Он повернулся к Золотой Луне, молча стоявшей подле него:
– Что это за храм?
– Об этом я расскажу тебе после, – ответила Золотая Луна. Легко коснувшись руки Таниса, она провела его по узорчатому полу, остановившись перед сияющей мраморной статуей. Хрустальный жезл озарил чертог спокойным голубым светом. Танис хотел расспросить Золотую Луну, но в это время вошли Карамон и Стурм, неся тело Речного Ветра, уложенное на носилки. По бокам, наподобие почетного караула, шли Флинт и Тассельхоф: гном выглядел измученным и постаревшим, притихший кендер не поднимал глаз от земли. А позади горестной процессии шел Рейстлин – в надвинутом капюшоне, с руками, спрятанными в широкие рукава, он напоминал смерть.
Они прошагали по мраморному полу, с бесконечной осторожностью неся свой скорбный груз, и остановились подле Таниса и Золотой Луны. Танис посмотрел на тело, которое опустили к ногам Золотой Луны, и поспешно закрыл глаза. Толстое одеяло, которым был прикрыт Речной Ветер, сплошь пропиталось его кровью…
– Уберите одеяло, – приказала Золотая Луна.
Карамон умоляюще взглянул на полуэльфа.
– Золотая Луна, послушай… – мягко начал Танис.
Рейстлин нагнулся и сорвал с тела окровавленное одеяло. Никто не успел ему помешать.
При виде жутко изуродованного тела Золотая Луна придушенно ахнула и побледнела так, что Танис приготовился подхватить ее, решив, что она вот-вот лишится сознания. Но Золотая Луна была дочерью гордого и сильного народа. Она справилась с собой, лишь глубоко, судорожно вздохнула. Потом подошла к мраморной статуе и бережно приняла из рук Богини сияющий хрустальный жезл. И опустилась на колени подле тела Речного Ветра.
– Кан-токах, – выговорила она еле слышно. – Возлюбленный мой…
Протянула дрожащую руку и коснулась его лба. Безглазая голова шевельнулась, пытаясь повернуться к ней. Обугленные руки затрепетали… Страшная судорога сотрясла его тело, и он затих. Слезы ручьями побежали по щекам Золотой Луны. Не замечая их, она возложила Жезл на грудь любимого. Голубое сияние мягко заполонило чертог, и каждый, кого касалось оно, чувствовал, как проходит усталость и боль, как подобно уплывающему туману покидает разум и душу ужас, навеянный нападением драконицы… Наконец сияние посоха померкло и исчезло совсем. Ночь воцарилась внутри храма, лишь неярко светилось мраморное изваяние Богини.

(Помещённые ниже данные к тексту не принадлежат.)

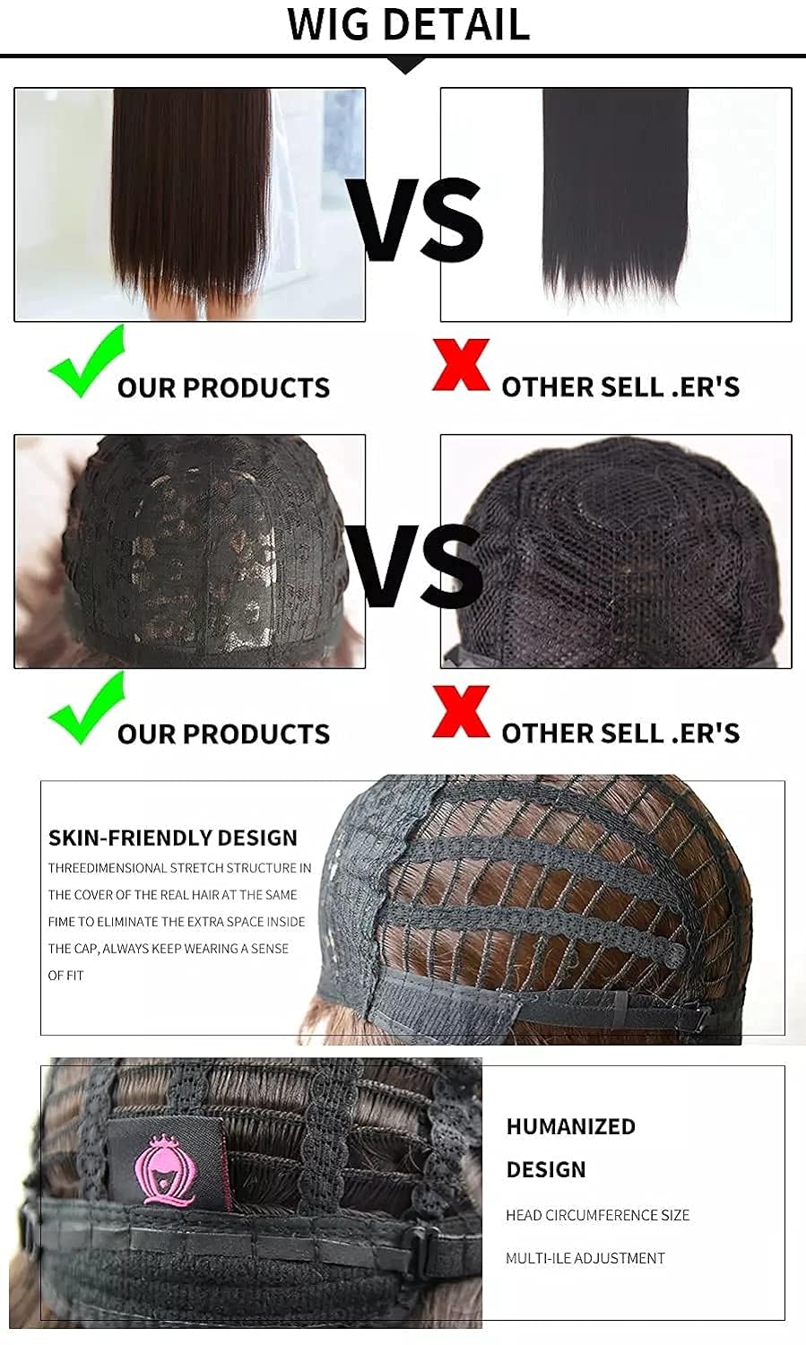 6. Package Including: 1x Wig Wig Cap Structure SIZE - This bob wig has adjustable hook straps. Easily adjust at the nape for a custom, secure fit. You can adjust the size of this wig from 14 inches to about 16 inches. Breathable Rose Net 100% breathable rose net within the network make you feel comfortable when you wear it. Two Adjustment Straps: There are two adjustment straps at two side of the wig, which can be intertwined to a fix position to suit different head sizes.

Танис заморгал, пытаясь приспособить зрение к темноте… А мгновением позже прозвучал низкий мужской голос:
– Кан-токах нех сиракан!
Радостный вскрик Золотой Луны ответил ему Танис наконец разглядел, что происходило. Больше не было растерзанного, ужасного трупа: Речной Ветер сидел на полу, крепко обнимая Золотую Луну, и она прижималась к его груди, смеясь и плача одновременно.
– …Стало быть, – завершила свой рассказ Золотая Луна, – мы должны разыскать путь вниз, в разрушенный город, лежащий где-то под нами, и спасти из логова драконицы священные Диски.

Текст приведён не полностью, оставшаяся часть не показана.